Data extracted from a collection
=== Section Start ===

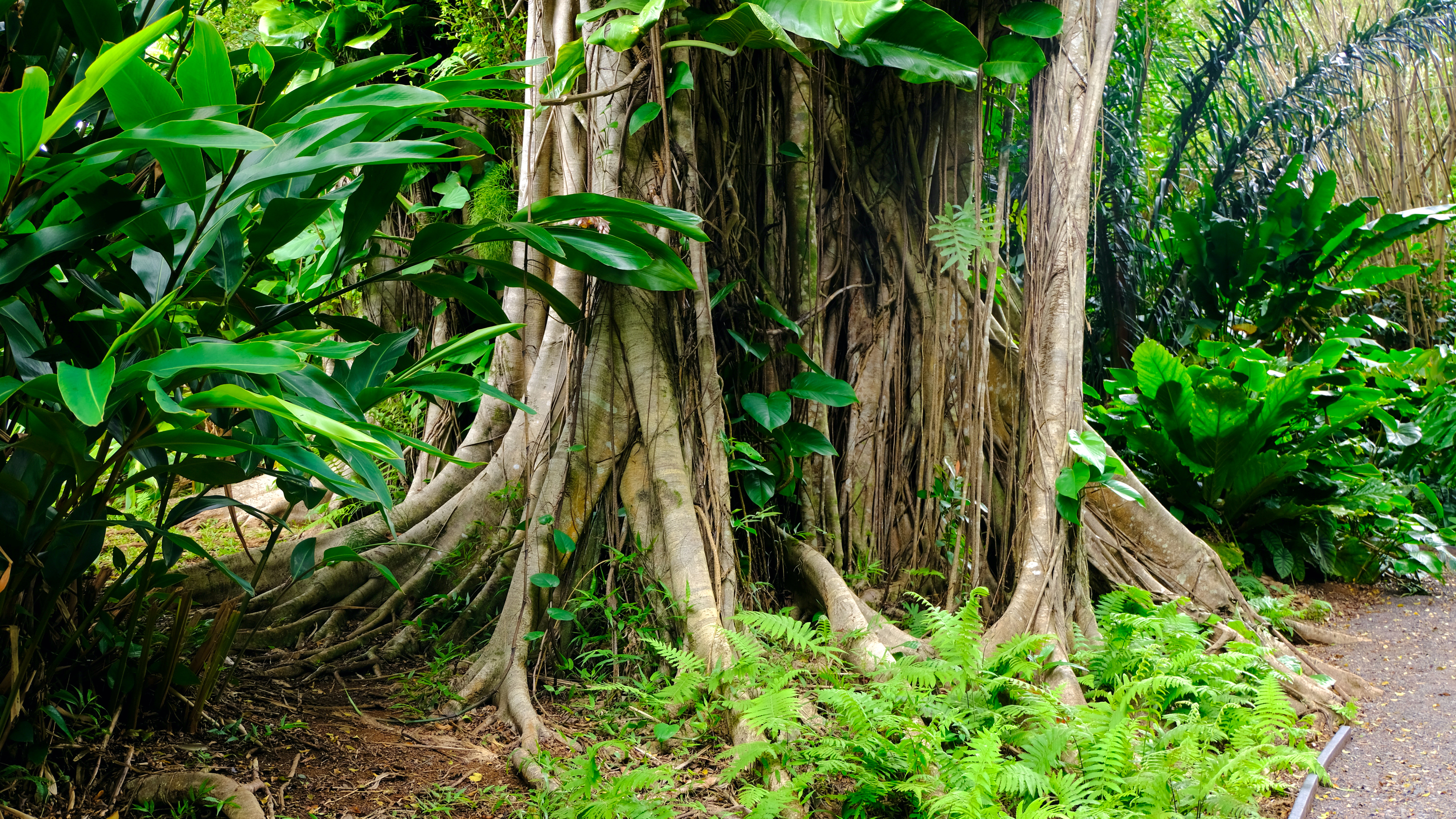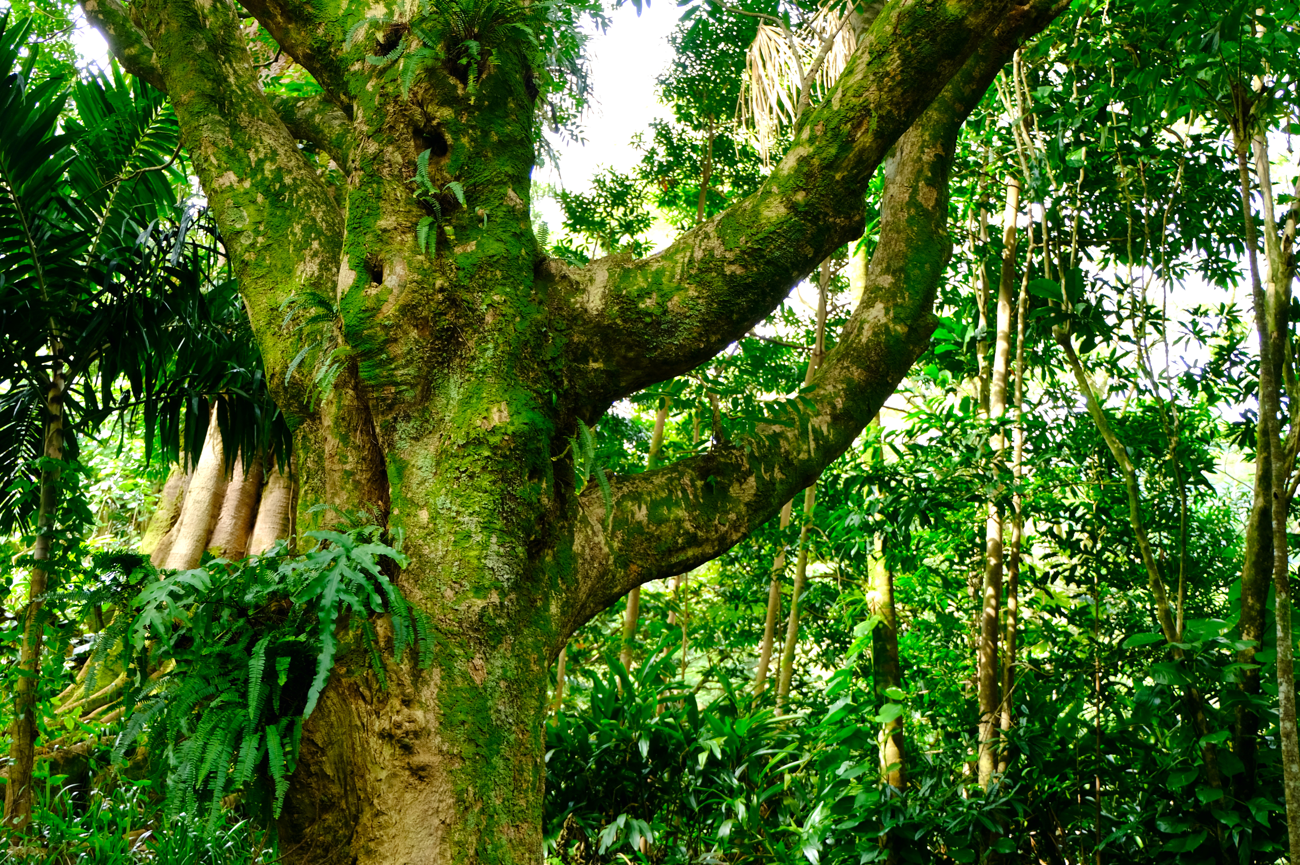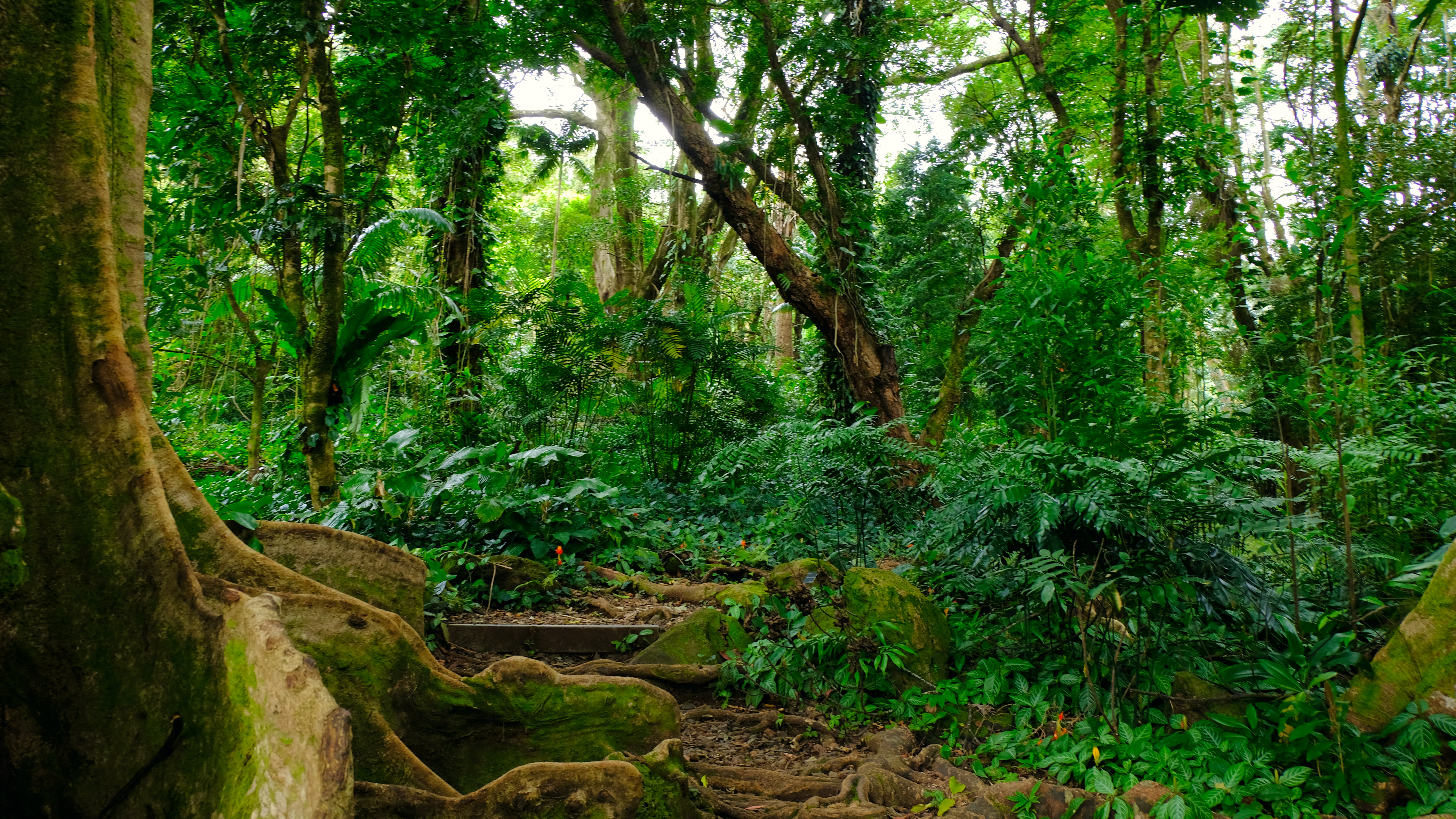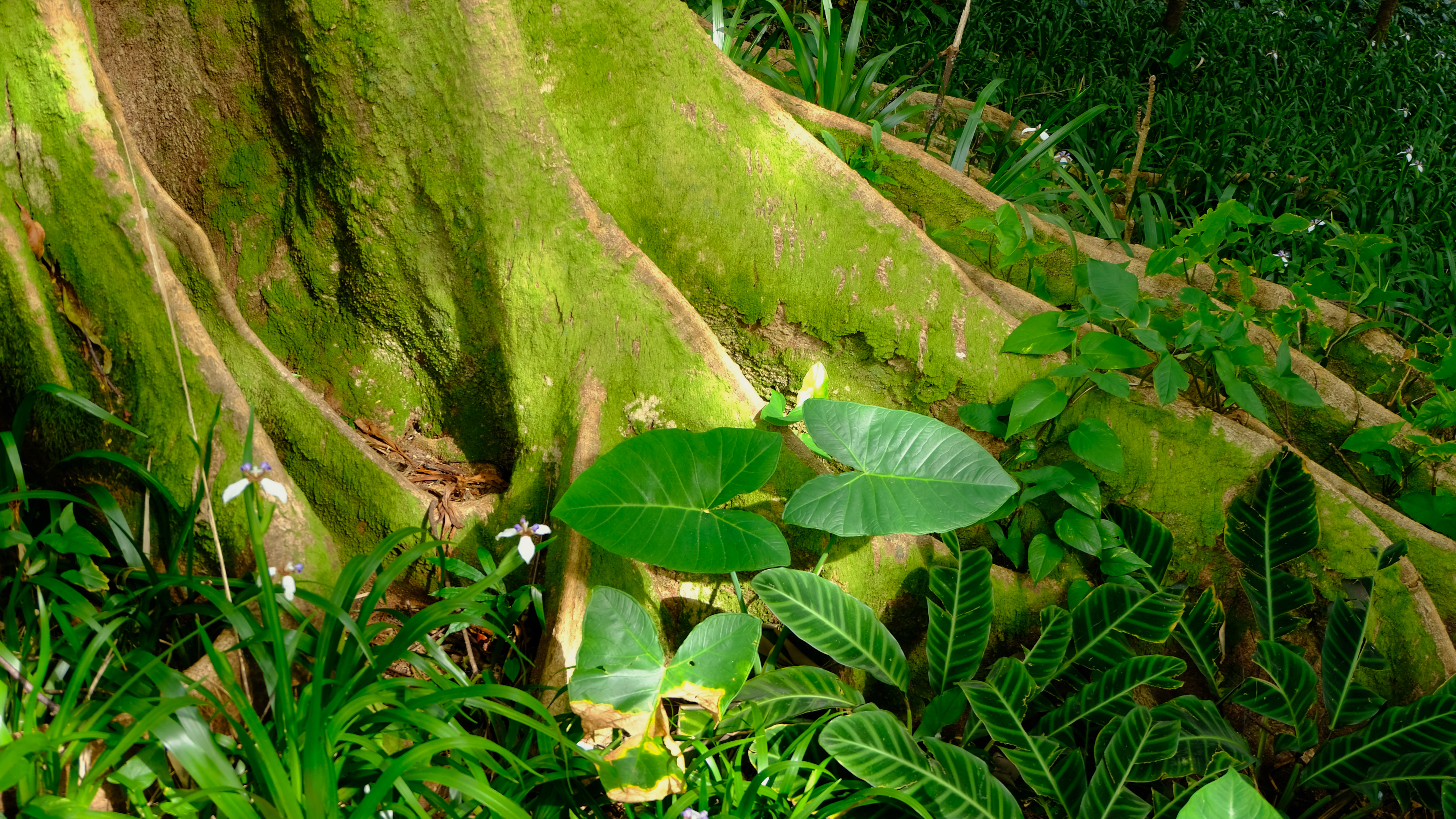 Deviating from the path at the end of Manoa Falls trail back the carpark, enticed by pink flowers and thick tree truck bases you could camp in we stumbled across Lyon Arboretum.
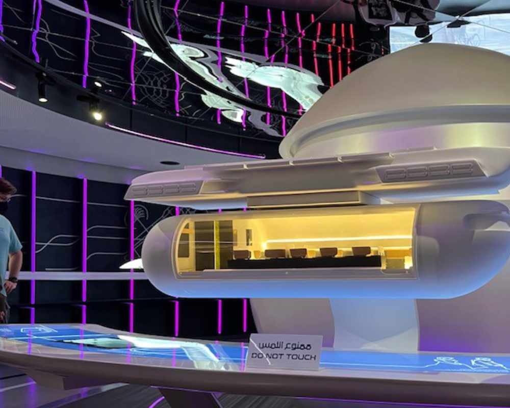 In einem eigenen Pavillon der DP World Cargo wurde ein innovatives Verkehrssystem vorgestellt, das in naher Zukunft in der arabischen Welt realisiert werden soll. In einer Röhre mit einem Durchmesser, der weltweit einheitlich sein soll, werden Behälter für Güter und Menschen mit hoher Geschwindigkeit nach dem Prinzip der Magnetschwebebahn transportiert. In der Vision der Emirate sollen Güter aus China im Hafen von Dubai umgeschlagen werden und dann mit diesem neuen Transport-System durch Saudi-Arabien und die Türkei nach Europa transportiert werden können. Auf diese Weise werden die Straße von Hormus und der Suezkanal umgangen und so die Transportzeit von China nach Europa erheblich verkürzt.
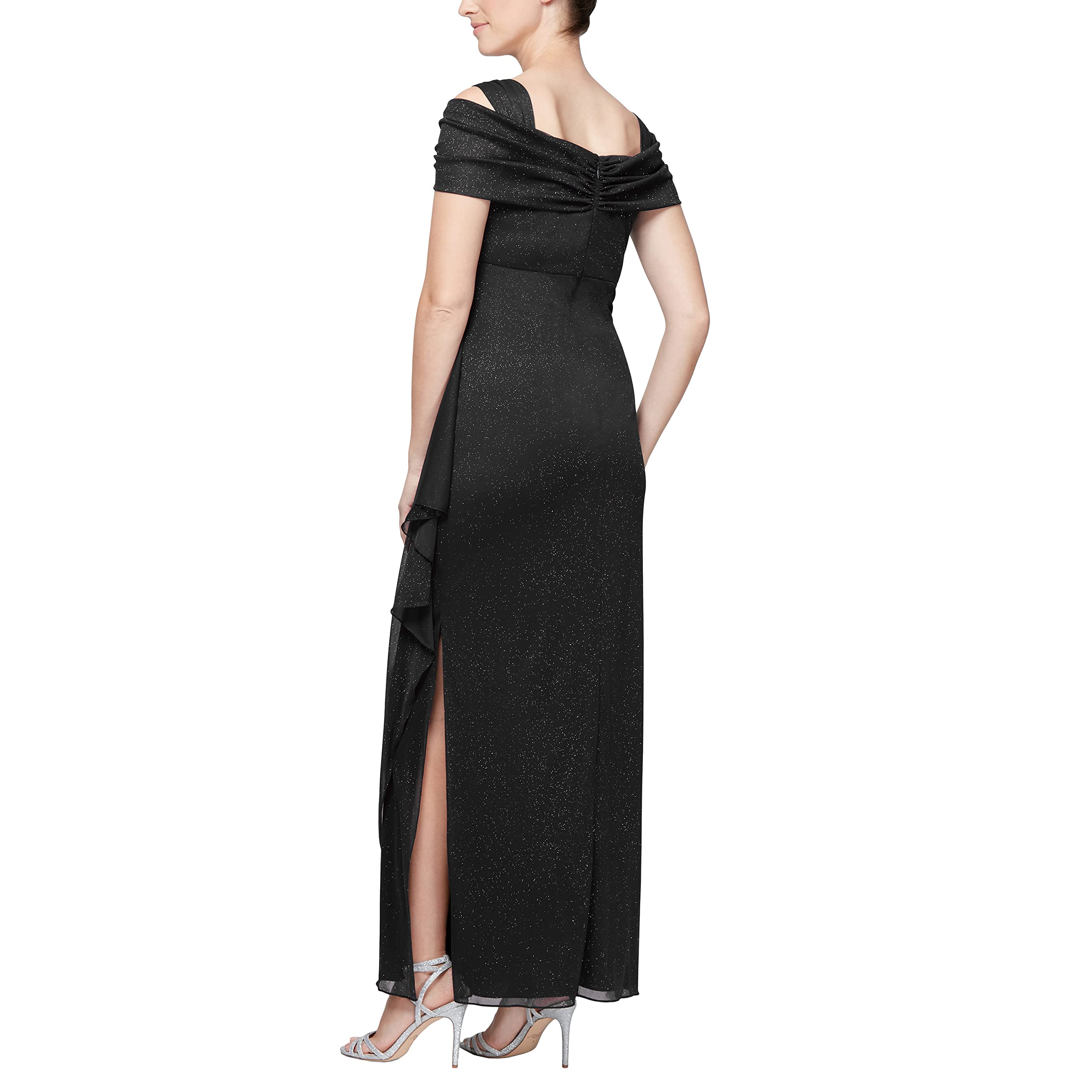 Details: Our long fit and flare cold shoulder evening gown with beaded applique at the waist is a stunning look for a mother of the bride, guest of wedding or perfect for any special evening event.
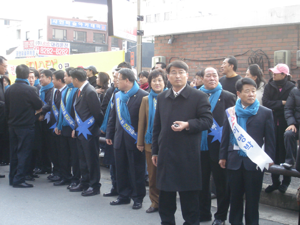 정몽준 공동 선대위원장은 "이렇게 하는 이 분들에게 점잖게 야단칠 분들은 충청도 어르신들뿐이다. 충청도 어르신들이 나라 중심을 잡아주길 부탁한다"면서 이명박 후보 지지를 호소했다.
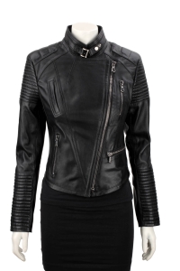 ELI450 - Damska ramoneska biker z czarnej skóry naturalnej DORJAN
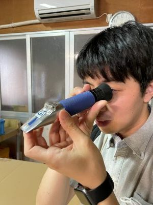 スタッフが覗いている糖度計では葡萄の糖度がなんと22度!(平均18~20)と、とてつもない甘さで食べる手が止まりませんでした。
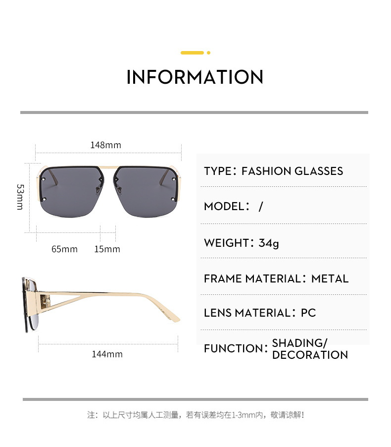 고급 질감 금속 하프 프레임 선글라스 국경 유럽 및 미국 남성과 여성의 선 스크린 Ins 인터넷 연예인 선글라스 트렌디 한 태양 눈
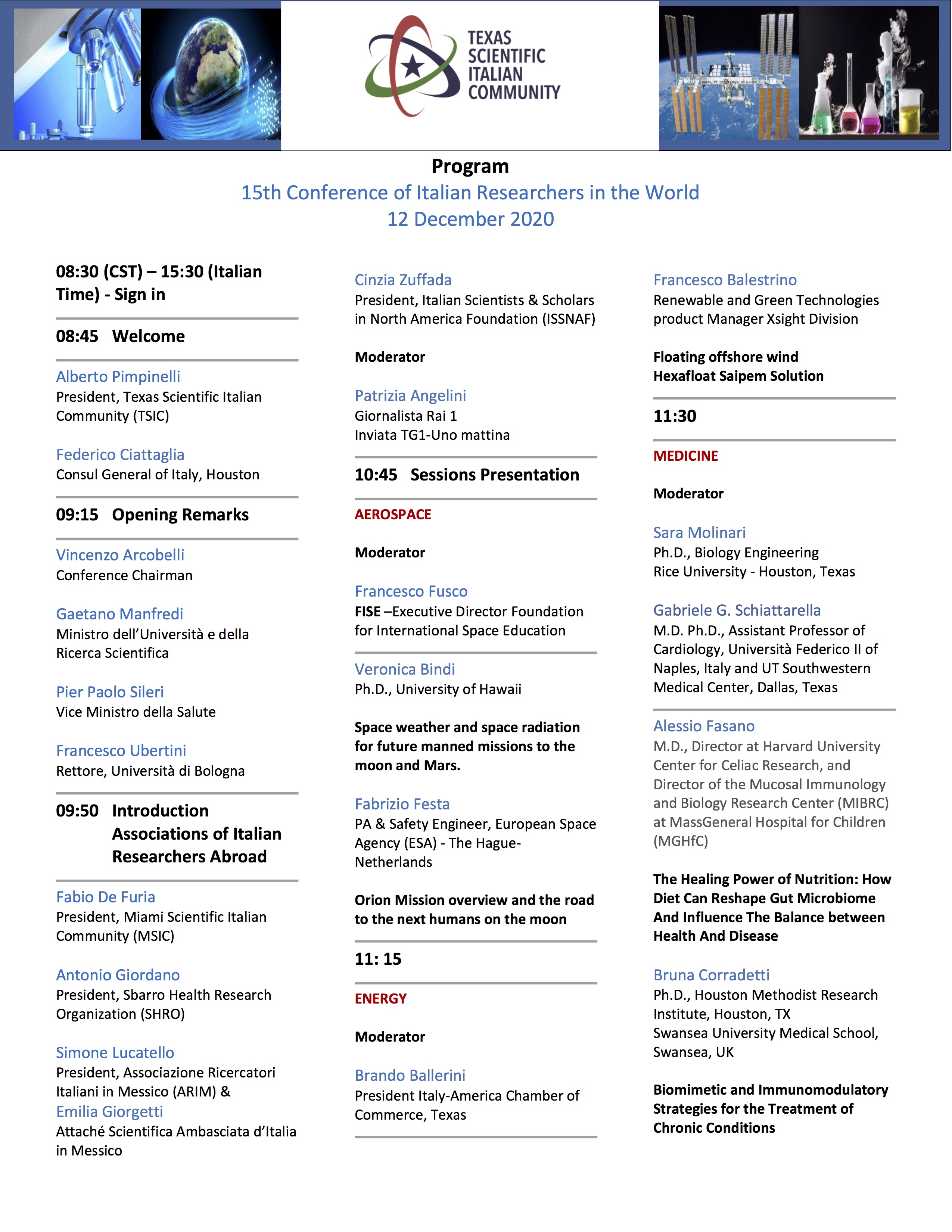 The XV Conference of Italian Researchers in the World is only a few days away and we can’t be more excited to see so many interesting topics, in different fields of science, technology, medicine, and humanities, with outstanding speakers and moderators, as well as several important endorsements and auspices received for the event organized by the Texas Scientific Italian Community in collaboration with Rice University.
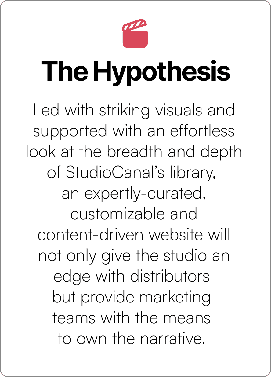 Growing exponentially in both stature and reputation, Studiocanal needed a way to connect with talent and distributors (especially in the US market) by showcasing the breadth of its activities and its world-class content library, while simultaneously enabling teams to craft communications and advance business objectives in a customizable way.
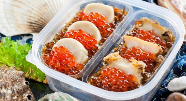 めかぶ醤油漬(めかぶ(三陸産)、しょうゆ、カラフトシシャモ卵、砂糖、みりん、唐辛子、食塩)(国内製造)、いくら醤油漬(鮭卵(国産)、しょうゆ、砂糖、清酒、醸造酢)、煮あわび(あわび(国産)、清酒、食塩)/酒精、調味料(アミノ酸等)、カラメル色素、酸味料、増粘剤(キサンタンガム)、甘味料(カンゾウ)、(一部に小麦・あわび・いくら・大豆を含む)
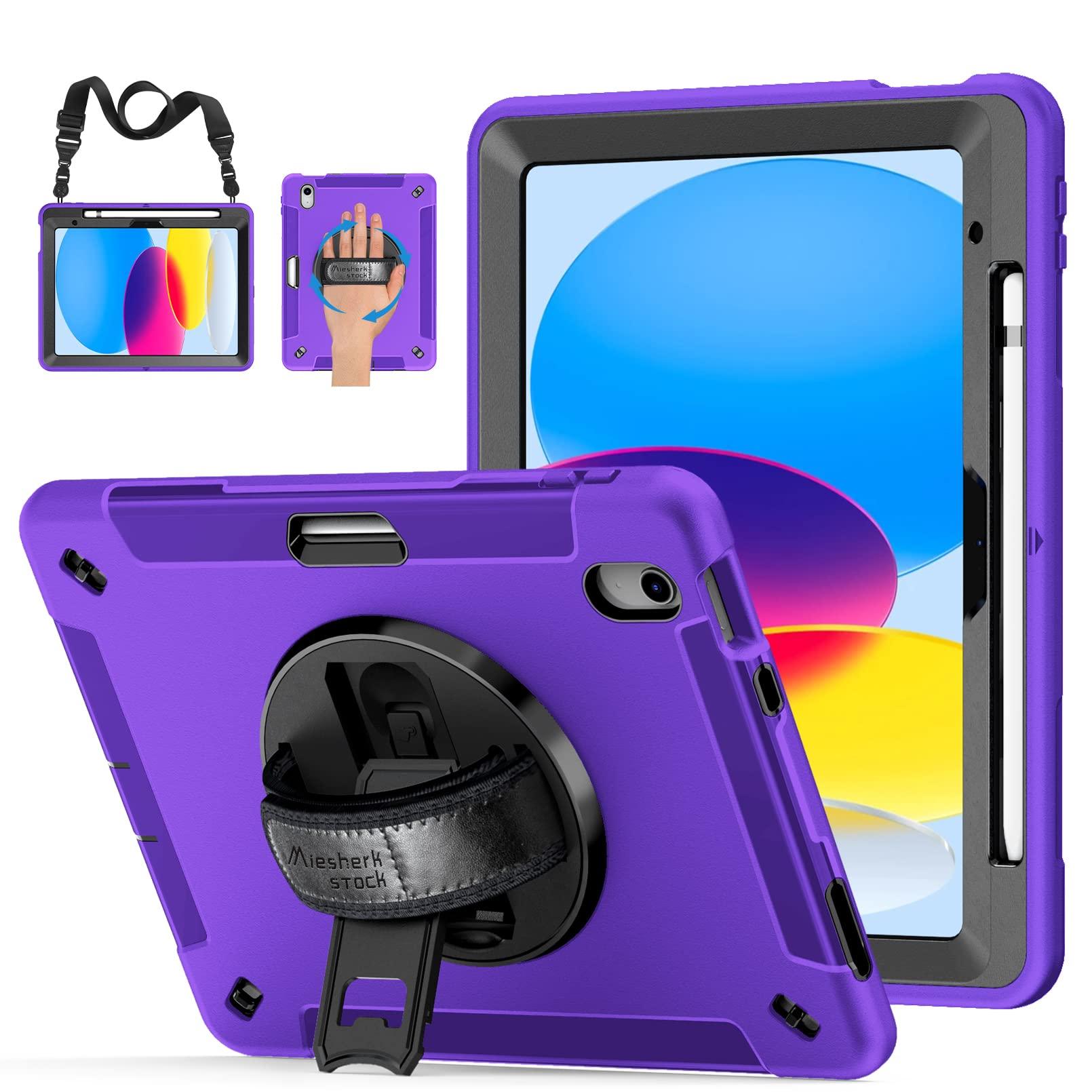 【Stable rotatable kickstand & adjustable handle】 Miesherk iPad 10th Case has 360° rotating foldable stand provides multiple angles(30°/45°/60°), nice to view, type, or draw. Ergonomically adjustable hand strap easier to hold, the matte coating prevents slipping out of your hand.

=== Section End ===

What's needed is an exact copy of the records above from the line containing "후보 지지를 호소했다." down to the line containing "고급 질감 금속 하프", both included, without any pictures.

▶ [Result]
 정몽준 공동 선대위원장은 "이렇게 하는 이 분들에게 점잖게 야단칠 분들은 충청도 어르신들뿐이다. 충청도 어르신들이 나라 중심을 잡아주길 부탁한다"면서 이명박 후보 지지를 호소했다.
 ELI450 - Damska ramoneska biker z czarnej skóry naturalnej DORJAN
 スタッフが覗いている糖度計では葡萄の糖度がなんと22度!(平均18~20)と、とてつもない甘さで食べる手が止まりませんでした。
 고급 질감 금속 하프 프레임 선글라스 국경 유럽 및 미국 남성과 여성의 선 스크린 Ins 인터넷 연예인 선글라스 트렌디 한 태양 눈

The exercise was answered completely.